He shook his head, chuckling again, and returned the closed box to the ivory throne. He took both her hands this time, before grabbing her chin and tilting it up gently as his blue eyes bore into her dark pair.
"My lady, this crown was made for you, just as that throne," he gestured toward the ivory throne, and on closer inspection, Kore could see that it, too, was decorated with engravings of flowers, "not for anyone else. And why are you not worthy when I deem you so?" he asked, stroking her cheek gently. His brown hair and shadow of his short beard shone very slightly in the lighting of the room.
She pulled away, brows knitted together. "Your highness," she said, "your tokens and signs of affection frighten me." She took a step back. "How can I be to you what you think me to be?" She half-laughed, in almost nervous disbelief. "I am just a spring goddess. I do not belong here. I belong up there, with my mother, with my friends, and the flowers and birds and trees and grass."
"No, Persephone, you do belong here," he said, in a tone that was just marginally shorter than his previous words. From his perspective, she was being stubborn. He was offering her a crown, a throne, rule over a third of the cosmos and his loyalty—perhaps the long way down had left her dazed and confused. He grabbed her hand and pulled her toward him, almost flush against him, pushing her hair back with his free hand and leaning in toward her ear. "I would be no unfitting husband to you, my sweet Persephone," he whispered, his breath tickling her.
The spring goddess was unused to any sort of intimate contact, had never experienced anything like this proximity. She had been playful with Hermes, for certain, and had been subject to Apollo's sweet words with crude meanings behind them—Hephaestus had even given her a necklace of glittering jewels, which had left her mother utterly horrified—but there had never been anything like this. Her face felt hot, very hot, and she was very aware that she was blushing a vivid red. She pulled away, again, placing her hands on his chest to help her distance herself from him.
"You—kidnapped—me!" she said, her voice just a bit louder than it had been before. Gone was the attempt at reason, at negotiation, at trying to talk him into releasing her. She looked flustered, could feel her heart hammering away inside her chest, beating wildly. She pointed at him, an accusatory look in her eyes. "You took me from my friends, from my fields, my flowers, from everything I have ever known."
"I desire to make you my queen, Persephone," he said. "Is that not enough? I have offered you a chance to raise you up, to treat you as an equal. It is not so bad down here. I am not so bad, I promise you." There was still a hint of pleading in his voice, but his tone was becoming shorter and shorter.

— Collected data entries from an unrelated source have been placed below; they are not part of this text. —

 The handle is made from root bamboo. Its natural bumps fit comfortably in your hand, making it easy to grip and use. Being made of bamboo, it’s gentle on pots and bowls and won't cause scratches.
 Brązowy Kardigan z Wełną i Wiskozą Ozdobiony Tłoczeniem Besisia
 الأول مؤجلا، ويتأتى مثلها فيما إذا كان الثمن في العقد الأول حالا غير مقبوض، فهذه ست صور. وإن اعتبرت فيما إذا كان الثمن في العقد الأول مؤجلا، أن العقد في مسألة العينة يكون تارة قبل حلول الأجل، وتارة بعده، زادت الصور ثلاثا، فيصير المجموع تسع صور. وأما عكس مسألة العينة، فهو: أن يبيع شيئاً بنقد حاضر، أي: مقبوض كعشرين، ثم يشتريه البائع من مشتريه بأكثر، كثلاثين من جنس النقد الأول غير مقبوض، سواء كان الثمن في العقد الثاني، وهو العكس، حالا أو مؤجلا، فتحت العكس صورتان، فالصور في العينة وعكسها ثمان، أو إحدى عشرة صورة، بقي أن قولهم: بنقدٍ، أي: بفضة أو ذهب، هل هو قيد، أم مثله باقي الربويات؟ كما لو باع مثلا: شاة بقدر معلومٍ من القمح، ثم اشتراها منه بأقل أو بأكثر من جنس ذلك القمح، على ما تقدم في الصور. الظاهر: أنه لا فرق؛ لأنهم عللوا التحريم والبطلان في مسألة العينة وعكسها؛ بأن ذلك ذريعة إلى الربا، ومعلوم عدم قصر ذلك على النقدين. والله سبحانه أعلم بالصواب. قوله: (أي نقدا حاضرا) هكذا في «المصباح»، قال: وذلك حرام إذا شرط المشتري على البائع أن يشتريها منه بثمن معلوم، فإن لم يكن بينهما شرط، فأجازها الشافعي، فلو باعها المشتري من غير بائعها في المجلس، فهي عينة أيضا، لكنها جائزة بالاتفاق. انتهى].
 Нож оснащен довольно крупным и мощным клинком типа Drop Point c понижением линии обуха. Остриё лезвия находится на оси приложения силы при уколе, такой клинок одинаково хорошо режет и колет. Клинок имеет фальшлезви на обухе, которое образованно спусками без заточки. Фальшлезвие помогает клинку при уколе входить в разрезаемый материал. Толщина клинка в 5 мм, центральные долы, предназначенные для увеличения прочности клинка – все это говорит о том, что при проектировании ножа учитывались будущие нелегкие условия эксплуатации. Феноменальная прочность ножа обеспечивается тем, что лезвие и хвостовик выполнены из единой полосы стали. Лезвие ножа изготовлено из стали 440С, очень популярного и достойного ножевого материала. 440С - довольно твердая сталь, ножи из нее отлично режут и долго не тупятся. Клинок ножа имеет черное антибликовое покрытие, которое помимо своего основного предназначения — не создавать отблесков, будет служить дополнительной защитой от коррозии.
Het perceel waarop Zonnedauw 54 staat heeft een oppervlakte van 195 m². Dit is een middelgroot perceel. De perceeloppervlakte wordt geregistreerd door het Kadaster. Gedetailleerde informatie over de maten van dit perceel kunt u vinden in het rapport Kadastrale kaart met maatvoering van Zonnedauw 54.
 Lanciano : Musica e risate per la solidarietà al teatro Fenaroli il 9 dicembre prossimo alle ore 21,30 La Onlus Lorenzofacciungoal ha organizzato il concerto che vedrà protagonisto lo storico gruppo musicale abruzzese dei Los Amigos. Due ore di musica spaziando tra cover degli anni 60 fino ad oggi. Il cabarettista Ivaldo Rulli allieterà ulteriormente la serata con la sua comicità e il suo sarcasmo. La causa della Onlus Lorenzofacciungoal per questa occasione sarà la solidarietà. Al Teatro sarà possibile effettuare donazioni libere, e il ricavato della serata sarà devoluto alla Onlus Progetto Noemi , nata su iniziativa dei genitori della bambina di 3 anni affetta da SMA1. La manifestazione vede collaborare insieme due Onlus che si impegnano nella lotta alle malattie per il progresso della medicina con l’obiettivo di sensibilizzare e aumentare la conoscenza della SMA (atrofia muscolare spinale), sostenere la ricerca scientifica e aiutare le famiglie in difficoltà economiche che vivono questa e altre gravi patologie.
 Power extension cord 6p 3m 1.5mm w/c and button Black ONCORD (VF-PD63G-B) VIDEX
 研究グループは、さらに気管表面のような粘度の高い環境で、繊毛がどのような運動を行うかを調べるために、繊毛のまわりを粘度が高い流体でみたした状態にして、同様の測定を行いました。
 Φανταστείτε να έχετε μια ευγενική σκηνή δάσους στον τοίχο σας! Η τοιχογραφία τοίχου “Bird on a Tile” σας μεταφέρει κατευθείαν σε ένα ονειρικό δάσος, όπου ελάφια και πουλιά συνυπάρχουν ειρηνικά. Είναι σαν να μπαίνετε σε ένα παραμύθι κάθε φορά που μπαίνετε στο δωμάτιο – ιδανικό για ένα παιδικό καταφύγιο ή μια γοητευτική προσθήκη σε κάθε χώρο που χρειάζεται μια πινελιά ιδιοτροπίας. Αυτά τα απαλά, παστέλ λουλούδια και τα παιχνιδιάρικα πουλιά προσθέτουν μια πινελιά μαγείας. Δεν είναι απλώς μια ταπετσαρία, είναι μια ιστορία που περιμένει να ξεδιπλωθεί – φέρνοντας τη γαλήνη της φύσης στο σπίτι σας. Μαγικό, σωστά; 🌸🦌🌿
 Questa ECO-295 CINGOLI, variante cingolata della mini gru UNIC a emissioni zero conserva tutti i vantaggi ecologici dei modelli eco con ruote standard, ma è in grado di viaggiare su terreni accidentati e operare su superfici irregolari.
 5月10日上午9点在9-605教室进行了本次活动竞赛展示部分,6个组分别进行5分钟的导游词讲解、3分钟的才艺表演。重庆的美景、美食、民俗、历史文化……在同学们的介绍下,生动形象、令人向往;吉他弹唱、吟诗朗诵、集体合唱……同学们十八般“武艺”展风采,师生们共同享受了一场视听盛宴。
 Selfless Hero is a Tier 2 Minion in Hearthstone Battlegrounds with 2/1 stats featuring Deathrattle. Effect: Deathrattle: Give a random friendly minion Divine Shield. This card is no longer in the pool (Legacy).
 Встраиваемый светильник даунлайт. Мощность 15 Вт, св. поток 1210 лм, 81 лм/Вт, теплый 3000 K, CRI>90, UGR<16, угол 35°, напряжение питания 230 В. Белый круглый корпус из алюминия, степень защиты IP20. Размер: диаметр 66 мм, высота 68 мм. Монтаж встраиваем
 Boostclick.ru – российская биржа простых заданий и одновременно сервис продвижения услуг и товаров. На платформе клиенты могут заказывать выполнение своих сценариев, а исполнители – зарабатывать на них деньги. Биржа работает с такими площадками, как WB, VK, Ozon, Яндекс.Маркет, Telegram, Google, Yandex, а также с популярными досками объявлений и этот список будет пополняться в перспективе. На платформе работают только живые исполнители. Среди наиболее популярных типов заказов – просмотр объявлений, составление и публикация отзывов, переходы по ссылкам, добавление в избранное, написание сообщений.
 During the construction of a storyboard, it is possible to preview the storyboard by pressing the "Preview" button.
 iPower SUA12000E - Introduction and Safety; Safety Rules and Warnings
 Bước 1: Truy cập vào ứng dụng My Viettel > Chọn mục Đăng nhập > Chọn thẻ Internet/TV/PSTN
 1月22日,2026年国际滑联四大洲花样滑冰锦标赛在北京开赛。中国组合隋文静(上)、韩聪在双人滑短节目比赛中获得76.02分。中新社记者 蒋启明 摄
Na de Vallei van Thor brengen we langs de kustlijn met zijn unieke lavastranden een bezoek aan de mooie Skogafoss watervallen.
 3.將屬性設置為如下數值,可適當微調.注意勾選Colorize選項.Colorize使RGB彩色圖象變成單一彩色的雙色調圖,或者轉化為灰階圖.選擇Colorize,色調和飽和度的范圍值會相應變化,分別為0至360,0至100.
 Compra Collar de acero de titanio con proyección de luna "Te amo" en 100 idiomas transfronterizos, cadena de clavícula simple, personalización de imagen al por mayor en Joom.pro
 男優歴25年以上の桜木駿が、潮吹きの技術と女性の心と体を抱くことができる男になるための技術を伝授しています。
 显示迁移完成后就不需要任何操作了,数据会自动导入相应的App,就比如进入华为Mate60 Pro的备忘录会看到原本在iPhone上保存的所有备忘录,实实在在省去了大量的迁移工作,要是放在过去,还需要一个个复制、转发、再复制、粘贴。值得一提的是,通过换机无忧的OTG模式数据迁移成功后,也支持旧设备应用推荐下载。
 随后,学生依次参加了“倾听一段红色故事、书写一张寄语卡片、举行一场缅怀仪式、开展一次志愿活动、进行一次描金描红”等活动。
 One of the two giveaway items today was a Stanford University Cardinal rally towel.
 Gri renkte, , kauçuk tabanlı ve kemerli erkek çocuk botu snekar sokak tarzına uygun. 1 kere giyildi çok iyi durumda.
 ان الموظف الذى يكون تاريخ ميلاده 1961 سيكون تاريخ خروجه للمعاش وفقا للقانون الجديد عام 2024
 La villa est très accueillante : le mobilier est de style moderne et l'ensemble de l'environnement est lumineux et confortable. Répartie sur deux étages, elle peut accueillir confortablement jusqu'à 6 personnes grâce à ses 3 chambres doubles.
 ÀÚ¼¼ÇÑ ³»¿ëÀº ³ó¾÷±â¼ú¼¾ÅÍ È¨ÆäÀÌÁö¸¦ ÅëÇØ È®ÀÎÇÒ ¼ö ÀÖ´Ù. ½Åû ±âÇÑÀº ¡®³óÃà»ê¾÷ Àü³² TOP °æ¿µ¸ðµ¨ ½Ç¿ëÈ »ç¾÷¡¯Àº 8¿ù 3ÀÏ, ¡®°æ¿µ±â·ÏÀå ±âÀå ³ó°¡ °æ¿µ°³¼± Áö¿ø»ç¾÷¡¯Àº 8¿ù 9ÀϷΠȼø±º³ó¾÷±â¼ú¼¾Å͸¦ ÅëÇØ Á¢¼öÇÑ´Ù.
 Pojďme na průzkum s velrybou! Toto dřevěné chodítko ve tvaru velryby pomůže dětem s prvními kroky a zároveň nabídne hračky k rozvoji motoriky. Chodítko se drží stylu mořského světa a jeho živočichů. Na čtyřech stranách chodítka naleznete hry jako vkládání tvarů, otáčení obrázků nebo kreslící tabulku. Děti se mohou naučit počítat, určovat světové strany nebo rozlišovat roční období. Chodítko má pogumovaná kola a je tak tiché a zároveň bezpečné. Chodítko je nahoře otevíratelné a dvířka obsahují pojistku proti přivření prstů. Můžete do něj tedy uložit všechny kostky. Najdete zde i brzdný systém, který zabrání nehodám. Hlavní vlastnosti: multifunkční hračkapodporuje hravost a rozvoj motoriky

In truth, Hades was beginning to get upset. And what she said next did nothing to help the cause she was trying to further.
She broke out, protesting, "No winning words about death to me, your highness! By Styx, I'd rather slave on earth for another man—some dirt-poor worldly mortal who scrapes to keep alive—than rule down here over all the breathless dead!" she said, angrily.
Hades' lighter eyes darkened considerably as he looked at her. Her words hit him like cold water, stabbed at his insides a way he had never known. His expression hardened and he grabbed her arm again. "Listen to me, Persephone," he said, "you will rule down here with me, and you will be my queen. That is final," his voice was stern, louder than she had heard it yet, and had she been anyone who knew him better she would have been silent and nodded, averted her eyes, or something.
But she did not.
Instead, she met his gaze without shrinking back, pulling her arm away roughly. "You didn't even let me say good-bye!" she said fiercely.
Hades paused. "No. No, I did not," he said. "For that I must apologize," he added. "But I saw no other way."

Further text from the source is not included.